Michael Kay (M.H.Kay@eng.icl.co.uk)
Wed, 21 Oct 1998 16:28:10 +0100


> I just wrote an application which creates XML file from the table. All
you
>hava to do is to to give the table name and it will generate the XML. My
>Question, i just wanted to know, whether the XML generated is correct.

Sounds a useful application, I'd like to know more about it (especially if
you can do the reverse as well!). You can check whether the XML is "correct"
(i.e. valid and well-formed) by putting it through any xml parser, I think
xp is one of the strictest. Some test cases you need to check are your
handling of non-ASCII characters and special characters such as "<" in your
data. You also need to consider whether CR/LF characters in your data are
significant: XML treats CR=LF=CRLF which may not be what you want.

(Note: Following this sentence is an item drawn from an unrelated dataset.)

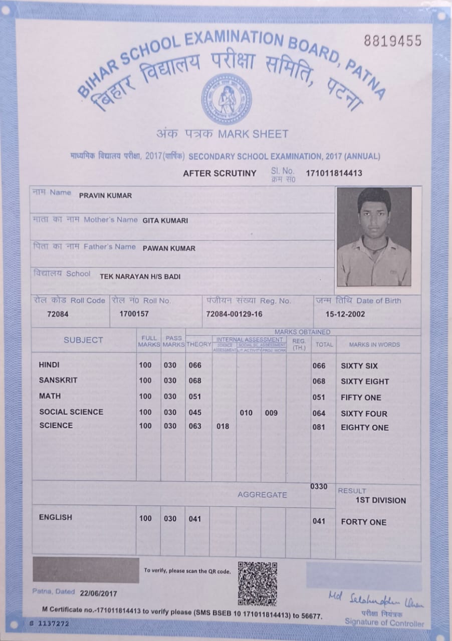 | : | Dekulighat, Khandakpar, BIHAR SHARIF-803101, Nalanda | |

One observation, in your DTD all the columns of the table are declared
mandatory, this gives you no way of handling null values (the obvious
representation of a null value is to omit the relevant element).

Another issue you may need to address is that not every SQL table and column
identifier is a valid XML name. For example, SQL identifiers can contain
spaces.

You will also have to think about how to encode binary (blob) fields.

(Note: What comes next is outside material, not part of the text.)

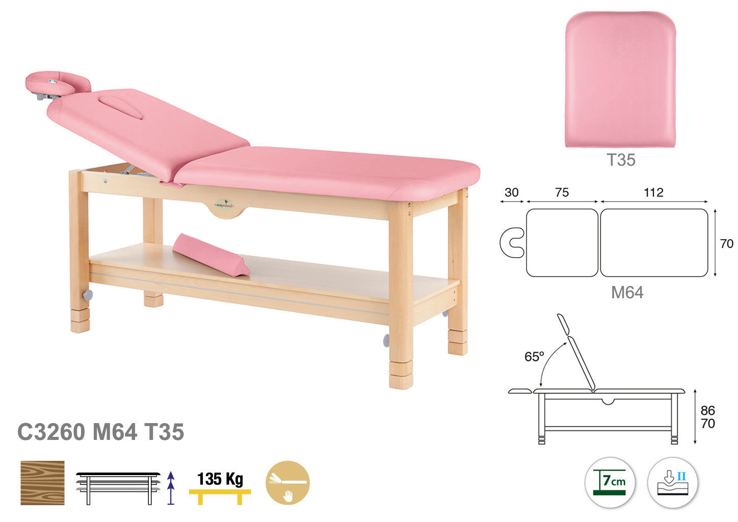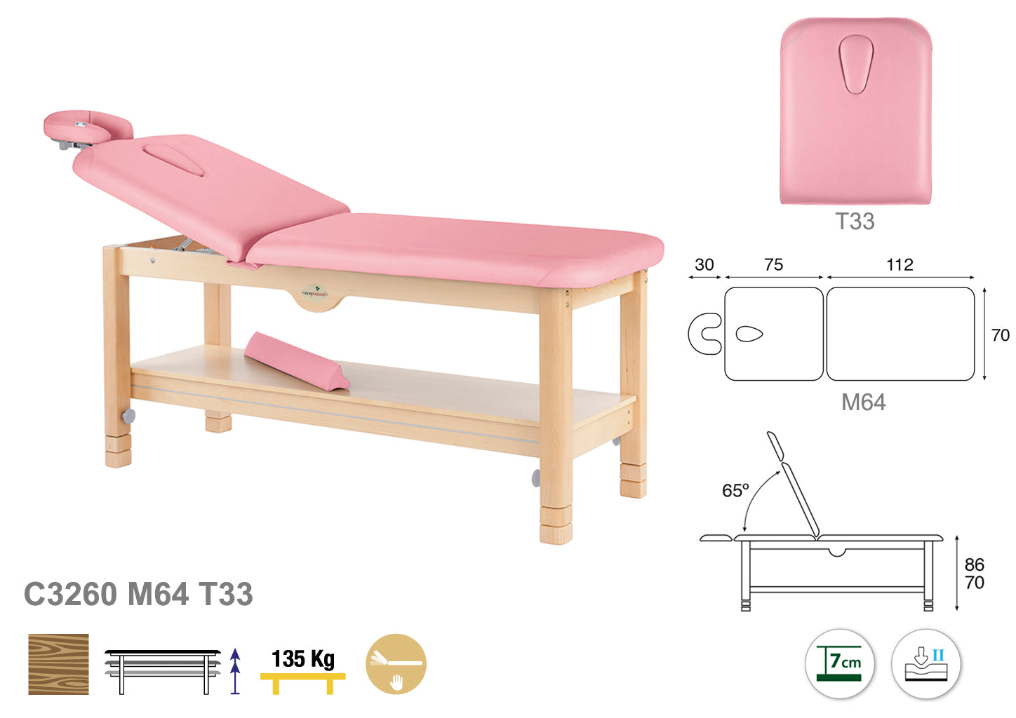 Fabricada con materiales naturales y duraderos, esta camilla facilita una postura correcta, ayudando a prevenir molestias musculares y fomentando el bienestar durante cada sesión. Ideal para clínicas, centros de rehabilitación y uso profesional.

For large tables your representation is very inefficient in space terms.
Often we don't worry about this in XML work, but relational tables can reach
gigabytes in size even without all these tags. An alternative I would
consider for large tables is:

<TABLEDEF NAME="ACTION">
<COLUMNS>
<COL NAME="ACTION_ID"/><COL NAME="ACTION_DESC"/> etc
</COLUMNS>
</TABLEDEF>
<TABLE NAME="ACTION">
<ROW>A<C/>Activate<C/>A<C/>PASSTEST<C/>1998-02-23 09:44:00.000</ROW>
<ROW>...</ROW>
</TABLE>

I don't think the gurus would recommend using empty elements as separators
like this, but it is a perfectly legitimate use of XML.

Finally, a transfer format for relational tables also needs to be able to
represent the metadata; my example heads in this direction.

Regards,
Mike Kay